■ Task instructions
The lines below from the one with "Храмовая мебель по" up to and including the one with "사이즈(Size) | M6*10 , M8*15 M8*12 , M8*23 |" are what you should set down, exactly and without pictures.

■ Data under study
#####
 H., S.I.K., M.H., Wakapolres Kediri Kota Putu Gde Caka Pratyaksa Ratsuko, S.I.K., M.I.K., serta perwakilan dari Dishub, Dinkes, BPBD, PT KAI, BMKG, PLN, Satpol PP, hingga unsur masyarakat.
#####
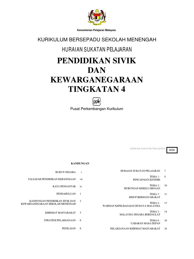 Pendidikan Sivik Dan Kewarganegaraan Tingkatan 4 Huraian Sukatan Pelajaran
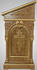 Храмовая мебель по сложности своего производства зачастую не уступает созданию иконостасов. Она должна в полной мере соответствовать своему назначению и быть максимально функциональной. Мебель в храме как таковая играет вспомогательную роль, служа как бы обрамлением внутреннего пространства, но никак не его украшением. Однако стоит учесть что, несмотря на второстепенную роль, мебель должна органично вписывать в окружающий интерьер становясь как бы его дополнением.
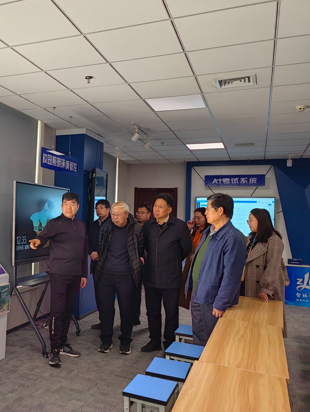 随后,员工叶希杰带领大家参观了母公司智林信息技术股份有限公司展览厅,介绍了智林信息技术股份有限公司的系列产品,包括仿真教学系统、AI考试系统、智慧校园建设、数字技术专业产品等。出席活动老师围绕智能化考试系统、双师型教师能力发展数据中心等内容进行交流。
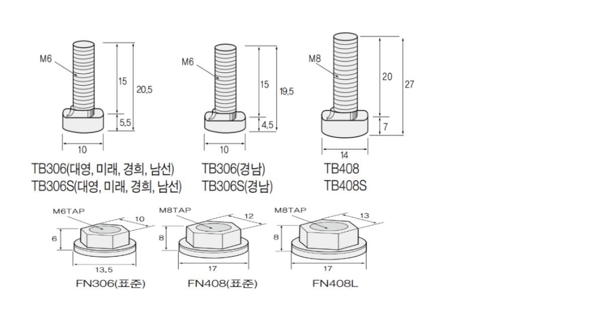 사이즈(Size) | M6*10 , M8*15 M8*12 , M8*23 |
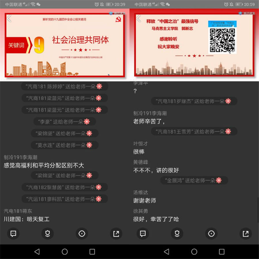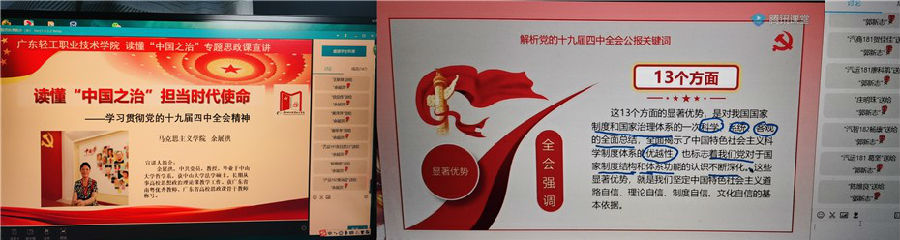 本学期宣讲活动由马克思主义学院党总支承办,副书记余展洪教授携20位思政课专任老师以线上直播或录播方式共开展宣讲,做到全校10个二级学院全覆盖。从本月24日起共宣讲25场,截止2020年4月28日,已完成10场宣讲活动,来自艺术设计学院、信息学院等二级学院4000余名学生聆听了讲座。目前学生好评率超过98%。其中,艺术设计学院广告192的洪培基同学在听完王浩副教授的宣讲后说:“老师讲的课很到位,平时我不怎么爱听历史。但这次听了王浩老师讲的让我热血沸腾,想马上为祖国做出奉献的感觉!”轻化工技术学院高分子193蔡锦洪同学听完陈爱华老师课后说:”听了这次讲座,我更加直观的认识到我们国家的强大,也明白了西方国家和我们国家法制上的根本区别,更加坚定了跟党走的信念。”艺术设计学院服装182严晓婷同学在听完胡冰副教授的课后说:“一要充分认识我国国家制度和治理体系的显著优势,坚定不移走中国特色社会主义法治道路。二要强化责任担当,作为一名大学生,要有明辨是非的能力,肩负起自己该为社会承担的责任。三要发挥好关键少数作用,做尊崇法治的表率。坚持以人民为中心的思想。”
#####
■ Response box
 Храмовая мебель по сложности своего производства зачастую не уступает созданию иконостасов. Она должна в полной мере соответствовать своему назначению и быть максимально функциональной. Мебель в храме как таковая играет вспомогательную роль, служа как бы обрамлением внутреннего пространства, но никак не его украшением. Однако стоит учесть что, несмотря на второстепенную роль, мебель должна органично вписывать в окружающий интерьер становясь как бы его дополнением.
 随后,员工叶希杰带领大家参观了母公司智林信息技术股份有限公司展览厅,介绍了智林信息技术股份有限公司的系列产品,包括仿真教学系统、AI考试系统、智慧校园建设、数字技术专业产品等。出席活动老师围绕智能化考试系统、双师型教师能力发展数据中心等内容进行交流。
 사이즈(Size) | M6*10 , M8*15 M8*12 , M8*23 |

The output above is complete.